Argument Parsing
Introduction
For this class, when we write third party scripts, we will be using argument parsing
utilities to make our scripts more user-friendly and extensible. We will be primarily
be working in python, so we will be using the argparse
module to parse arguments. However,
most argument parsing utilities will provide similar functionality.
By now, you’ve seen that when you run command line tools or utilities, you are often asked to provide certain inputs or variables. For example, when you run a BLAST search, you might be asked to provide a query file, a database to search against, and a name for the results file. Such a command might look something like this:
blastp -query <query.fasta> -db <database> -out <results.txt>
In this case, the <query.fasta>
, <database>
, and <results.txt>
are the arguments
passed to the BLAST command. Internally, the BLAST command will parse these arguments
and use them to execute the BLAST search while substituting in the right values provided
on the command line by the user.
If you’ve used sys.argv before, you may be familiar with the idea of argument parsing. However, the use of argument parsing libraries provides a more robust way to handle this problem.
Using argparse
The argparse
module is a built-in python module that provides a way to parse command line arguments.
There are argparse libraries available in most other languages as well. Though
they differ in syntax, they all mean to provide the same core functionality of
easily handling command line arguments.
The basic structure of an argparse script is as follows:
#!/usr/bin/env python
import argparse
parser = argparse.ArgumentParser(description='Description of your script')
parser.add_argument('-i', dest='input', help='Description of input', required=True)
parser.add_argument('-o', dest='output', help='Description of output', required=True)
args = parser.parse_args()
print(args.input)
print(args.output)
In each add_argument call, we are providing a flag for the argument, a destination for the argument, a help message, and an indication of whether the argument is required or not.
- The flag is the name of the argument used on the command line
- The destination is the name of the variable that will hold the value of the argument in python
- The help message is a description of the argument
- The required flag is self-explanatory. If you attempt to call a script with an argument that is required but not provided, it will throw an error.
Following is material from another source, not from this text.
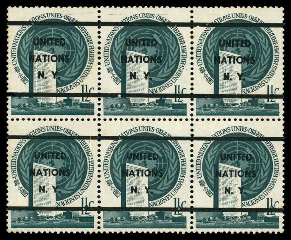 1952, 1½¢ blue green, precancel 'UNITED/NATIONS/N.Y.' (Scott 2 var), block of 6, o.g., never hinged (ink 'G' mark on gum of each stamp), Very Fine. Gaines 2A. Scott $330. (Image)

If this code was encapsulated in a script, you could run it using the following command:
script.py -i input.txt -o output.txt
And it would print out the arguments provided on the command line. This is a simple example that shows you how you can provide arguments and values on the command line and use them in your script.
The values you see if you ran this script would be
input.txt
output.txt
These are the basic functionalities of argparse, but there are additional options that allow for specifying argument types, setting default values, accepting lists of values, and more. You may find more information on these advanced settings on the documentation page for the appropriate argparse library.
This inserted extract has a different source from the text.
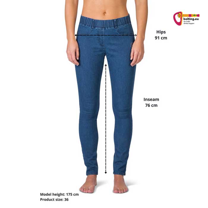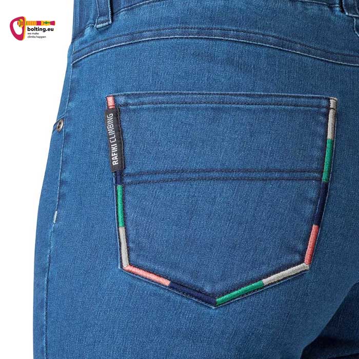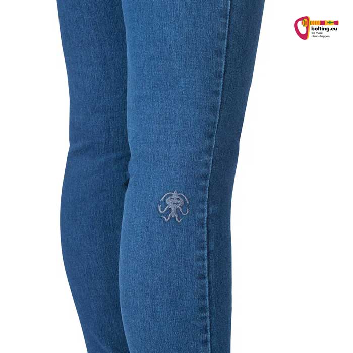 Die Rafiki Evo Lady Jegging ist eine warme Kletter- und Boulderhose. Denn sie ist aus einem etwas dickeren Stretch-Denim gefertigt.

Using argparse with Nextflow
When we develop scripts for our workflow, we will be using argparse to parse arguments and provide the values to our scripts in nextflow. This will enable us to easily re-use our script for different datasets.
Let’s pretend we have a simple python script that calculates the GC content of a FASTA file. This script might look something like below (code not guaranteed to work):
#!/usr/bin/env python
import argparse
parser = argparse.ArgumentParser(description='Calculate length of a sequences in a FASTA file')
parser.add_argument('-i', dest='input', help='FASTA File as input', required=True)
parser.add_argument('-o', dest='output', help='Name of output txt file containing sequence lengths', required=True)
args = parser.parse_args()
with open(args.input, 'r') as f, open(args.output, 'w') as o:
for line in f:
if line.startswith('>'):
continue
else:
sequence_length = len(line)
o.write(f'{sequence_length}\n')
To use this script in a nextflow process, we would first need to make it executable and then place it in the bin/ directory of our project.
Then if we had a process that used this script, it might look something like below:
process SEQUENCE_LENGTH {
label 'process_low'
conda 'envs/python_env.yml'
input:
tuple val(meta), path(fasta)
output:
tuple val(meta), path("${meta}.length.txt")
script:
"""
calculate_sequence_length.py -i $fasta -o $meta.length.txt
"""
}
As you can see, we are passing the values from the nextflow channel to the appropriate arguments in the python script. This will be a common pattern we utilized in order to make our scripts re-usable for other files. We could run this script on multiple files by simply providing a different nextflow input channel.